Problem details – The records below must be reproduced exactly, excluding any pictures.

Material for the task –

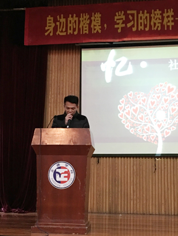 志愿者代表石建永同学发言
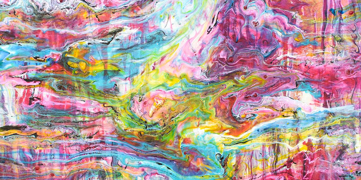Pouring teknikken ses tydeligt i de mange glidende farvesammenløb, de marmoragtige slør og de steder, hvor farverne trækker sig ud i tynde lag. Nogle partier virker næsten tågede, mens andre står mere mættede og koncentrerede. Den variation giver billedet dybde og gør, at det ændrer karakter alt efter afstand, lys og hvordan øjet bevæger sig langs den brede komposition.
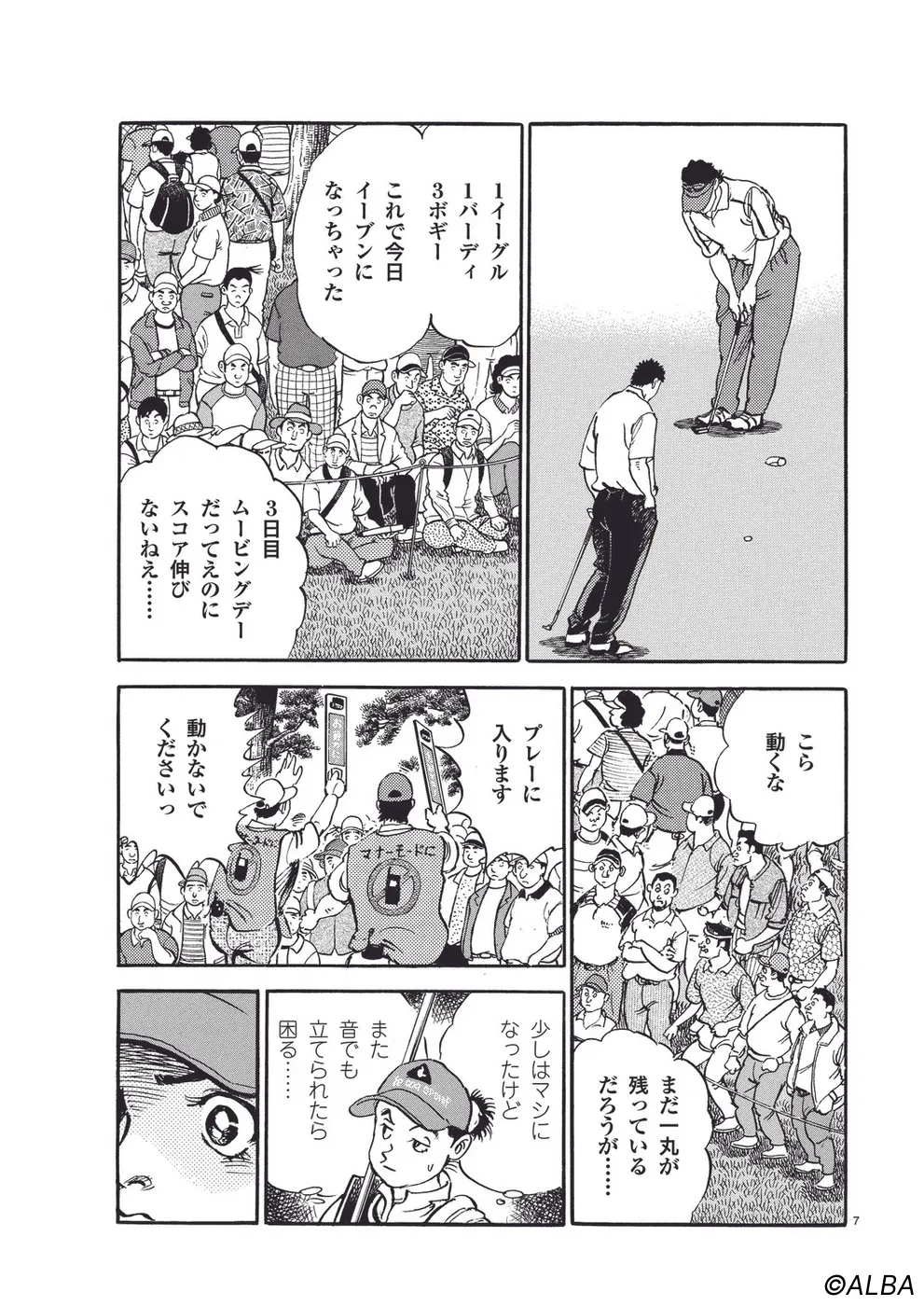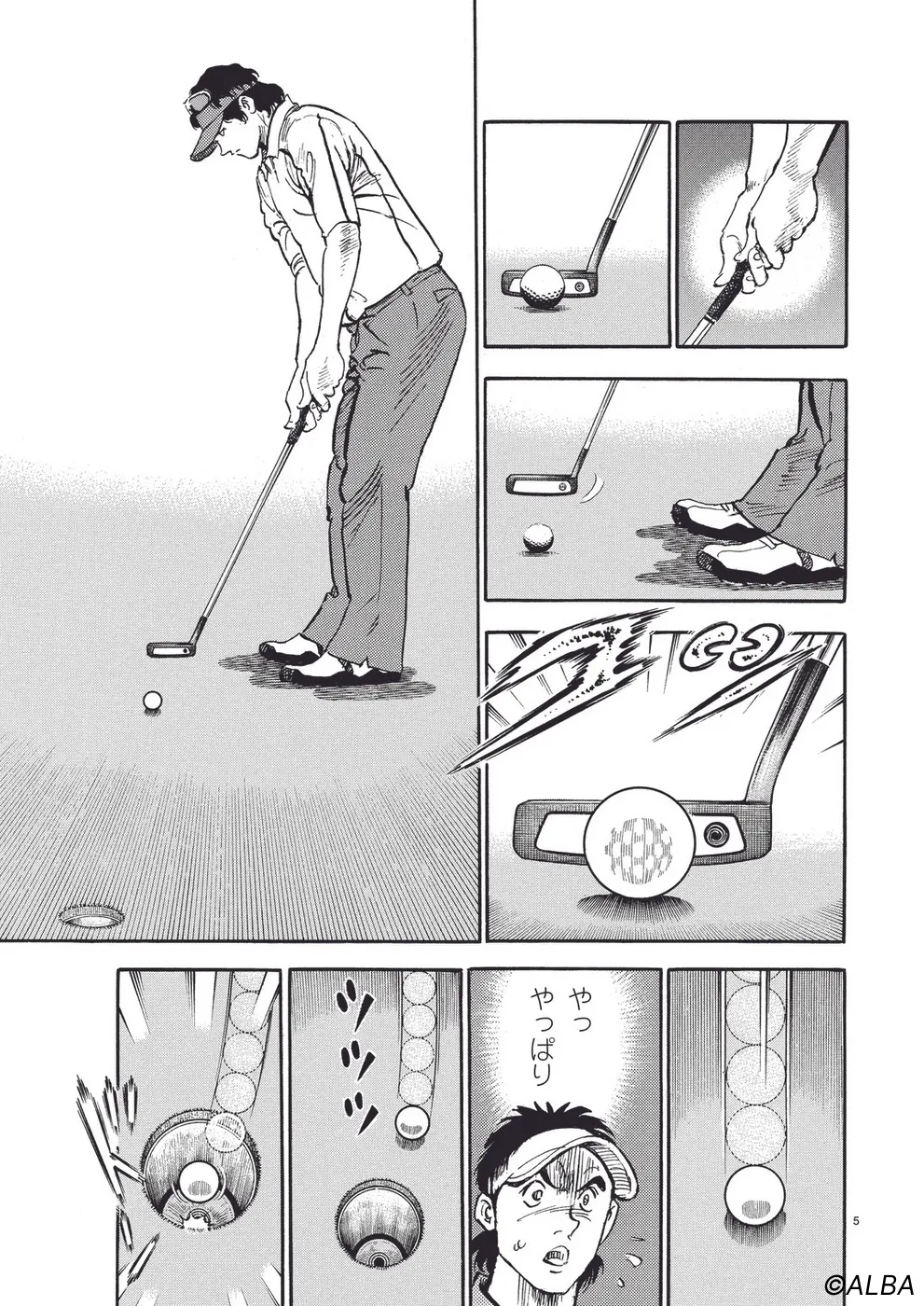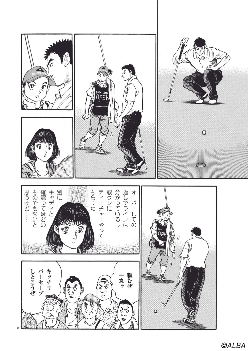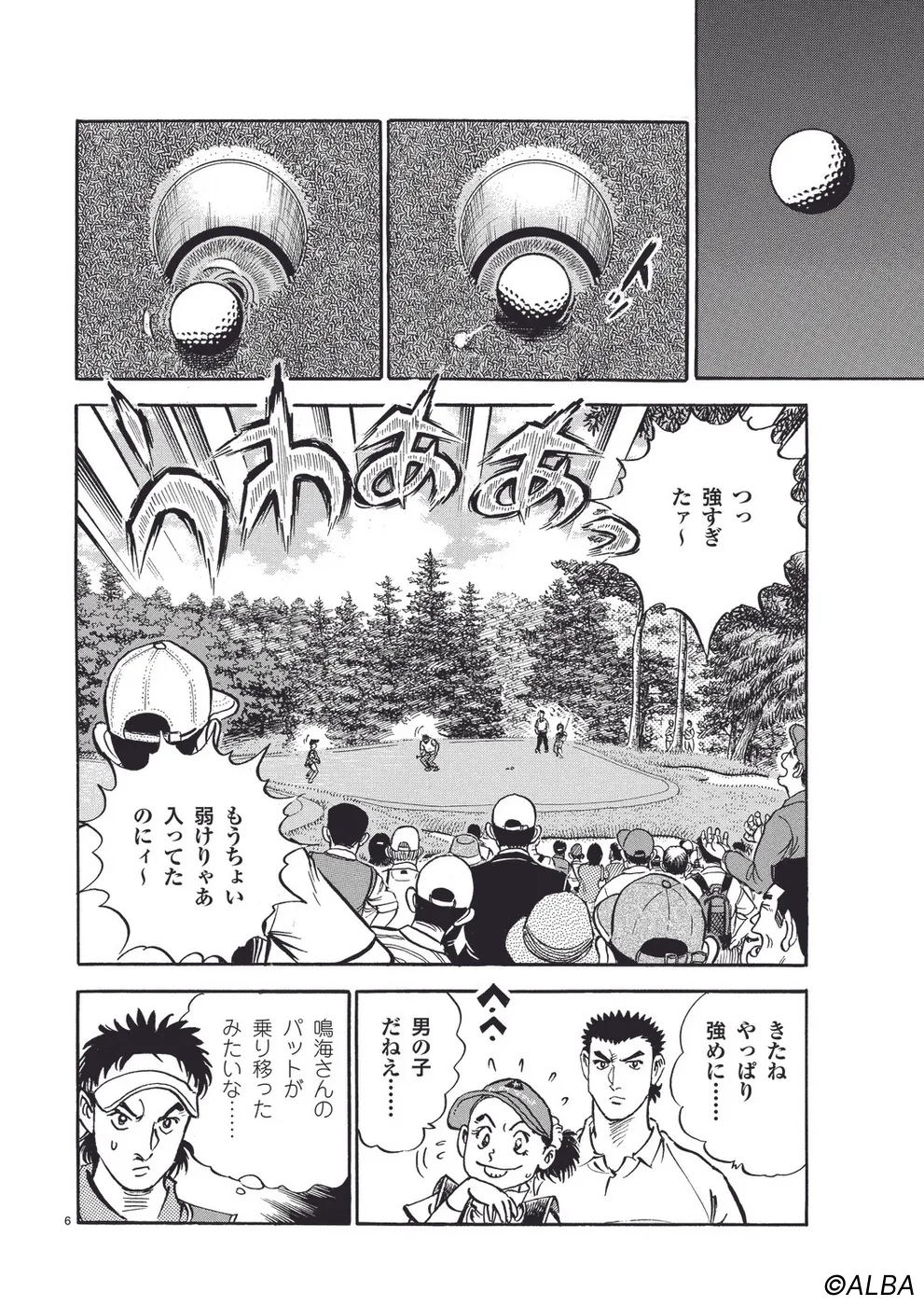 【第44巻あらすじ】日本オープン三日目。完全にマッチプレーの様相を呈してきた一丸と速水のライバル対決。お互いが持っている技を惜しみなく出し合い、無謀ともいえるクラブ選択や強気のパッティングの応酬など、一進一退の攻防を繰り広げる。
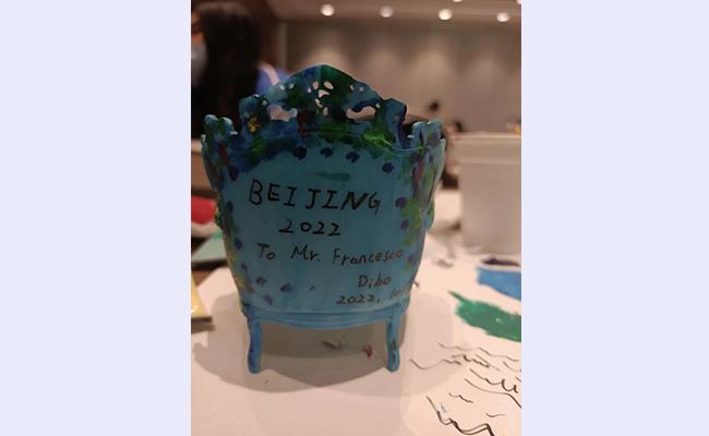 在本次冬奥期间,志愿者刘迪波与夏季奥林匹克项目国际单项体育联合会总会(ASOIF)主席弗朗西斯科(Francesco)先生结下了深厚的友谊。在弗朗西斯科先生离开北京前,刘迪波想送他一份特别的礼物。刘迪波想起自己随身带了一些清华艺术博物馆3D打印的白模,其中有个椅子模型正是意大利著名设计师门迪尼的作品,“如果我在椅子上点缀一些冬奥元素,这不就正是一位意大利老爷爷与北京冬奥会相识相遇的故事吗?”刘迪波从没学过绘画,他花了一整个下午的时间,用自带的丙烯颜料为椅子涂色,并特意在上面加上了北京冬奥会的标识和落款。
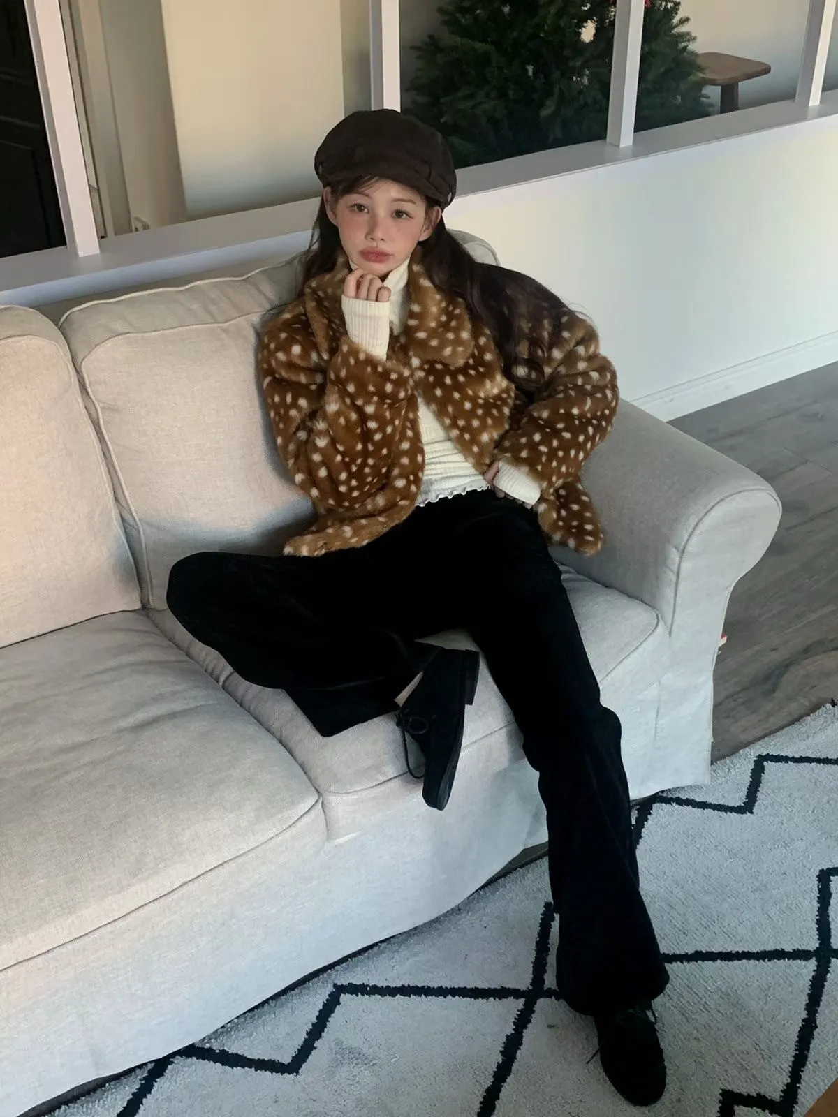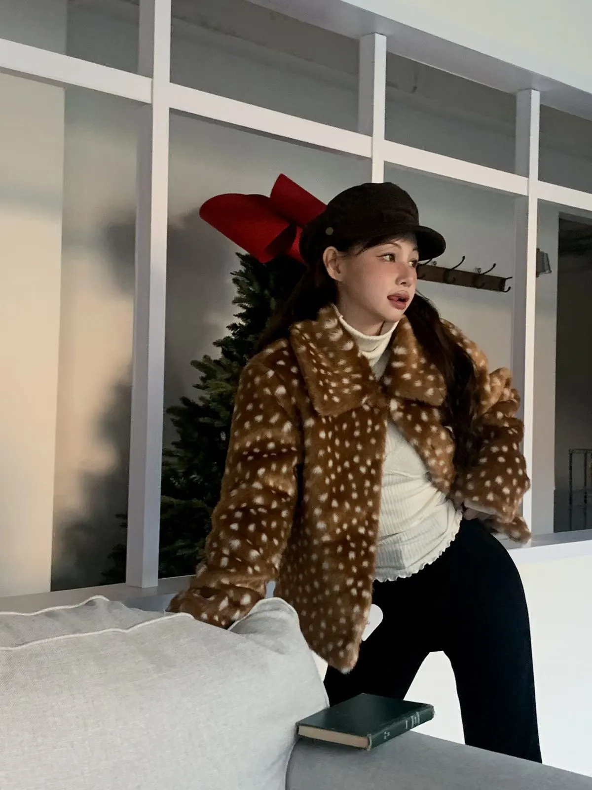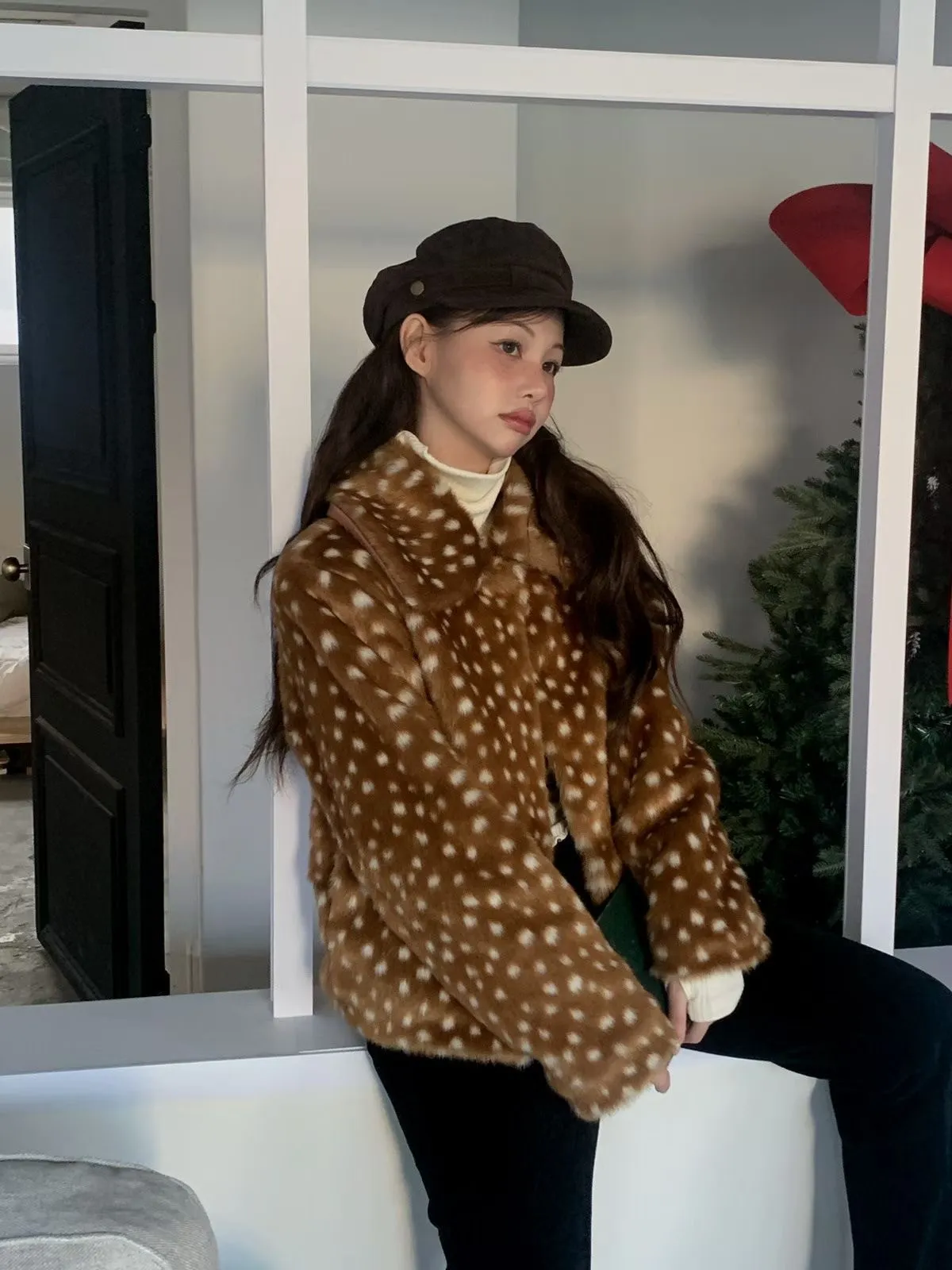 25LE13 小鹿斑比毛毛皮草外套(領可拆)

Exercise result –
 志愿者代表石建永同学发言
Pouring teknikken ses tydeligt i de mange glidende farvesammenløb, de marmoragtige slør og de steder, hvor farverne trækker sig ud i tynde lag. Nogle partier virker næsten tågede, mens andre står mere mættede og koncentrerede. Den variation giver billedet dybde og gør, at det ændrer karakter alt efter afstand, lys og hvordan øjet bevæger sig langs den brede komposition.
 【第44巻あらすじ】日本オープン三日目。完全にマッチプレーの様相を呈してきた一丸と速水のライバル対決。お互いが持っている技を惜しみなく出し合い、無謀ともいえるクラブ選択や強気のパッティングの応酬など、一進一退の攻防を繰り広げる。
 在本次冬奥期间,志愿者刘迪波与夏季奥林匹克项目国际单项体育联合会总会(ASOIF)主席弗朗西斯科(Francesco)先生结下了深厚的友谊。在弗朗西斯科先生离开北京前,刘迪波想送他一份特别的礼物。刘迪波想起自己随身带了一些清华艺术博物馆3D打印的白模,其中有个椅子模型正是意大利著名设计师门迪尼的作品,“如果我在椅子上点缀一些冬奥元素,这不就正是一位意大利老爷爷与北京冬奥会相识相遇的故事吗?”刘迪波从没学过绘画,他花了一整个下午的时间,用自带的丙烯颜料为椅子涂色,并特意在上面加上了北京冬奥会的标识和落款。
 25LE13 小鹿斑比毛毛皮草外套(領可拆)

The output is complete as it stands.